Кеннет, видя, что испортил сам себе шансы, решил уменьшить шансы и соперникам. Найлл, по его словам, был такой маленький, а Джон такая большая, что мальчик «и забраться бы по ней не смог, не то что положить яйцо в корзинку!»
Юан (по словам Кеннета) уже состоял в браке с Богом.
Куилл (по словам Кеннета) давно положил глаз на ведьму Мурдину Галлоуэй.
Лаклан (по словам Кеннета) был такой bauchle, что его и маманя с папаней полюбить не смогли.
Между каждым оскорблением Фаррисс орал на Кеннета, или Дон вытягивал руку и отвешивал ему оплеуху, но Кеннет лишь глумился, что они хотят заграбастать Джон себе и что им должно быть стыдно – они ведь женатые люди и всякое такое.

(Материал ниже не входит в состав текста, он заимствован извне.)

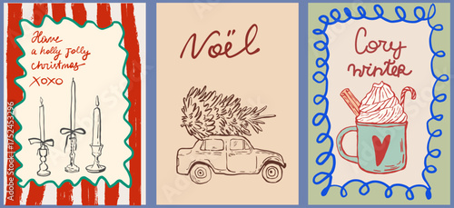 Hand drawn mulled wine vector banners set. Black and white sketch posters with wine glass. Menu cards design templates in retro vintage style

Найлла, по правде говоря, разговоры о браке ужасали. Он едва мог упомнить, что к Джон теперь нужно обращаться как к девочке, и до сих пор сомневался, что она и впрямь женского пола. Лаклан выставил свою кандидатуру, из чистого благородства, но на лице у него было написано, что он даже мышьяк находит соблазнительнее женитьбы.
Насчёт Юана и Бога Кеннет не ошибся; Юану земная (или приземлённая) любовь была без надобности.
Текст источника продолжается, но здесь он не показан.